## [Problem]
Restate the data below word for word. Skip any images it contains.

## [Information provided]

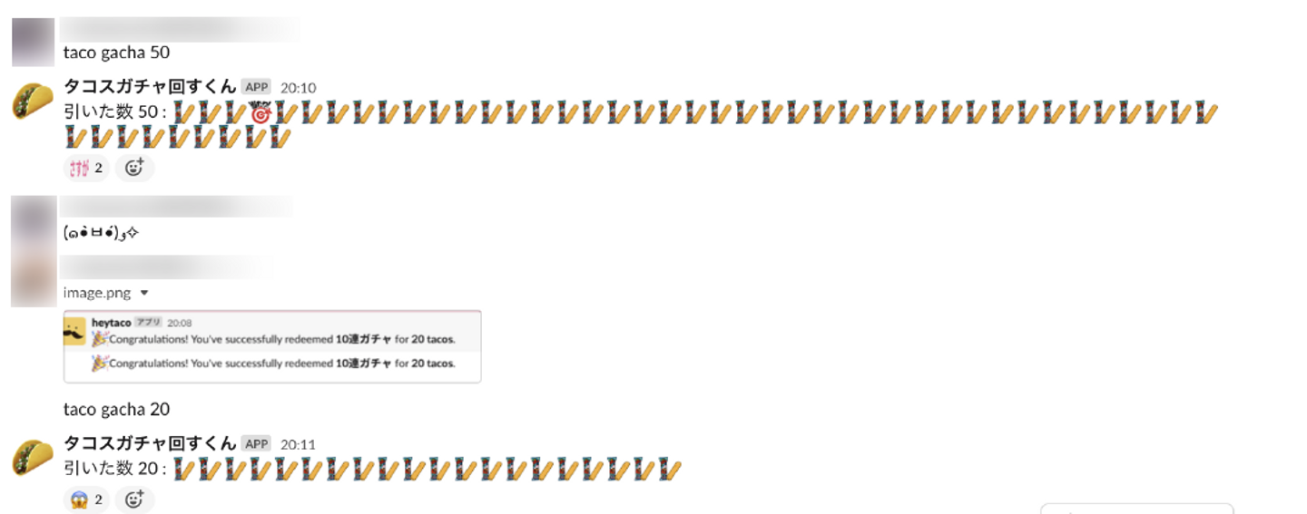 たとえば、感謝のメッセージを送るときに、その人にメンションを付けてタコスの絵文字を付けます。そうすると受け取ったタコスがSlack上で自動的にカウントされます。
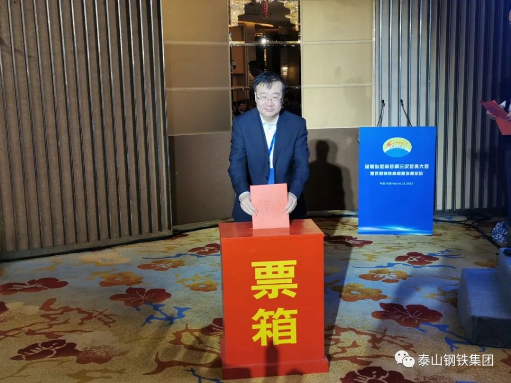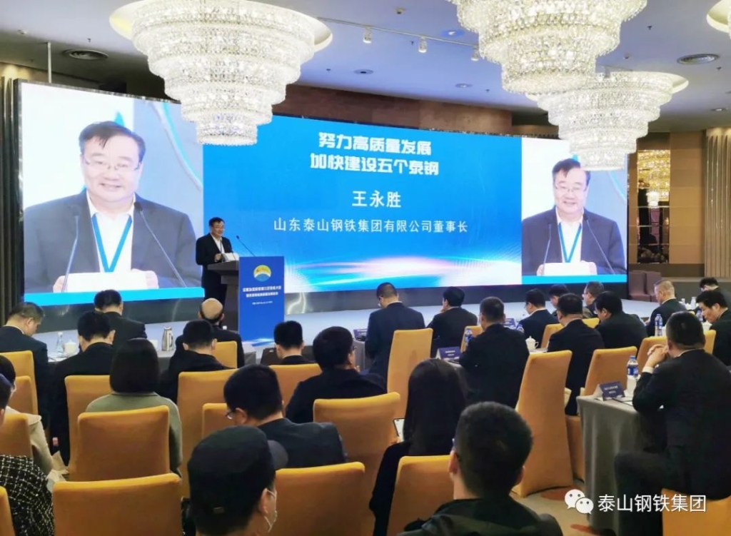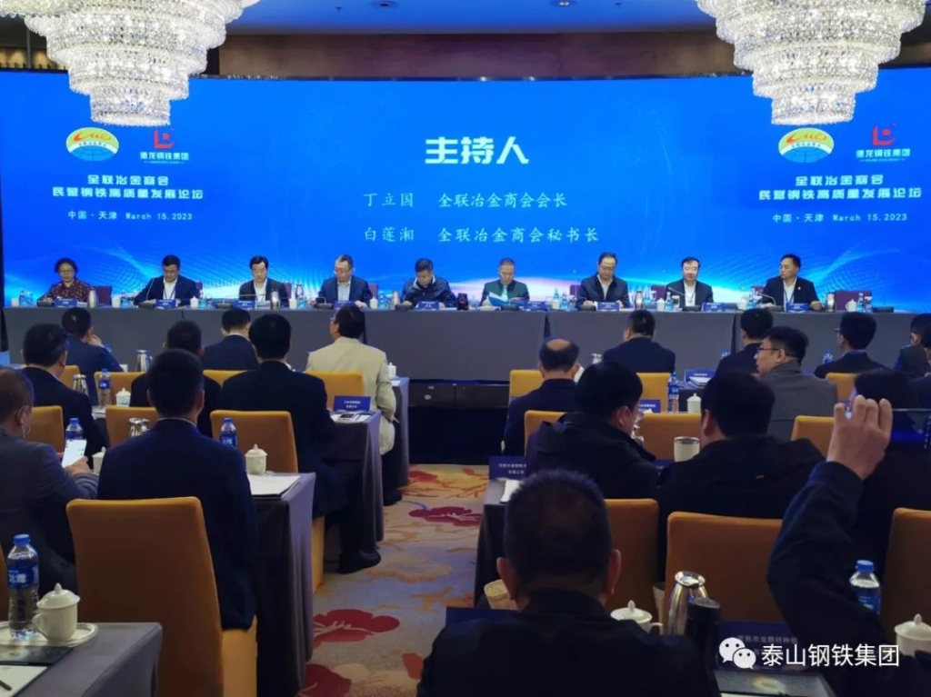 为进一步宣传贯彻党的二十大会议精神,落实中央经济工作会议和“两会”要求,为实现中国式现代化贡献力量,推进钢铁行业高质量新发展,3月15日,全联冶金商会在天津水晶宫饭店召开第三次会员大会暨民营钢铁高质量发展论坛。全联冶金商会会长丁立国,全联冶金商会秘书长白莲湘等领导出席会议。全国人大代表,全联冶金商会副会长,泰山钢铁集团董事长、党委书记王永胜受邀参加会议并在主席台就座。
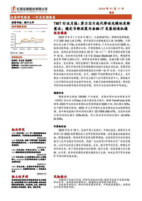 【18200】TMT行业月报:算力芯片迭代带动光模块更新需求;稳定币新政策为金融IT发展创造机遇 1天前 7月 2 预览结束,本文件为PDF文档,一共11页,请购买后,下载查看 资源下载下载价格59 H币VIP免费升级VIP立即购买下载或充值问题请将订单号发送到:2907878669@qq.com ,我们会在24小时内为您处理 科技电子
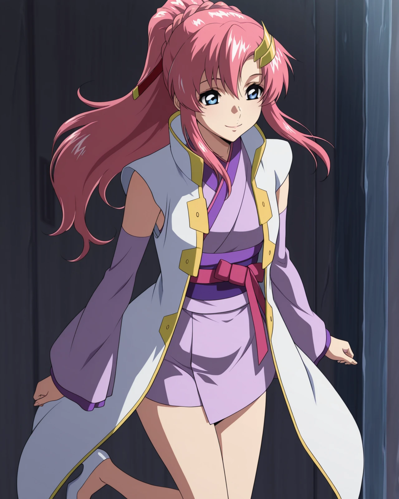 long hair, high ponytail, pink hair, hair ornament, hair ribbon, hair between eyes, purple eyes, lipstick, black sleeveless kimono, sash, black thighhighs

## [Response to this exercise]
 たとえば、感謝のメッセージを送るときに、その人にメンションを付けてタコスの絵文字を付けます。そうすると受け取ったタコスがSlack上で自動的にカウントされます。
 为进一步宣传贯彻党的二十大会议精神,落实中央经济工作会议和“两会”要求,为实现中国式现代化贡献力量,推进钢铁行业高质量新发展,3月15日,全联冶金商会在天津水晶宫饭店召开第三次会员大会暨民营钢铁高质量发展论坛。全联冶金商会会长丁立国,全联冶金商会秘书长白莲湘等领导出席会议。全国人大代表,全联冶金商会副会长,泰山钢铁集团董事长、党委书记王永胜受邀参加会议并在主席台就座。
 【18200】TMT行业月报:算力芯片迭代带动光模块更新需求;稳定币新政策为金融IT发展创造机遇 1天前 7月 2 预览结束,本文件为PDF文档,一共11页,请购买后,下载查看 资源下载下载价格59 H币VIP免费升级VIP立即购买下载或充值问题请将订单号发送到:2907878669@qq.com ,我们会在24小时内为您处理 科技电子
 long hair, high ponytail, pink hair, hair ornament, hair ribbon, hair between eyes, purple eyes, lipstick, black sleeveless kimono, sash, black thighhighs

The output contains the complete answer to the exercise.